Other symptoms include itching, cardiovascular abnormalities, dyskinesia, neuromuscular and haematological disorders and hearing loss.

Nausea, vomiting, diarrhoea, headache, drowsiness, blurred vision, blindness, convulsions, coma, hypotension, cardiac arrhythmias, cardiac arrest, and impaired respiration are the characteristic features of amodiaquine poisoning. ECG may show inverted or flattened T waves, widening of QRS, ventricular tachycardia and fibrillation. Hypokalemia may be present.

No data available for overdosage of artesunate.

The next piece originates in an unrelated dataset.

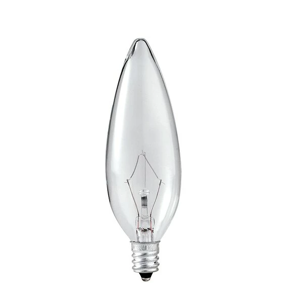 Philips Lighting DuraMax Decorative blunt tip 25-Watt B10 1/2 E12 candelabra screw incandescent lamp offers 150 Lumens of bright light output. It radiates white light to the surrounding. Lamp in clear color, has voltage rating of 120 Volts. This 4-1/16-Inch comes with average life of 2200 hours. It features aluminum cap and is ideal for decorative application.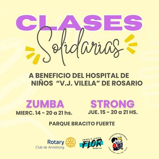 Los invitamos a participar de las clases solidarias de ZUMBA: miércoles 14/02 de 20 a 21 hs y STRONG: jueves 15/02 de 20 a 21 hs, en el Bracito Fuerte, las mismas estarán a cargo de la Prof. Flor Bonetto.

Treatment of overdosage is supportive and must be prompt since acute toxicity can progress rapidly, possibly leading to vascular collapse and respiratory and cardiac arrest.

Early endotracheal intubation and mechanical ventilation may be necessary. Early gastric lavage followed by administration of activated charcoal may provide some benefit in reducing absorption of the drug. These should be preceded by measures to correct cardiac and severe cardiovscular disturbances, if present and by respiratory support. Diazepam IV may control seizures and other manifestations of CNS stimulation. Seizures caused by anoxia should be corrected by oxygen and other respiratory support. Defibrillators and cardiac pacemakers may be required.

Keep in a cool, dry, dark place.

Blisters: 1x6+6 & 1x12+12 tablets
Blisters: 10x1x6+6 & 10x1x12+12 tablets.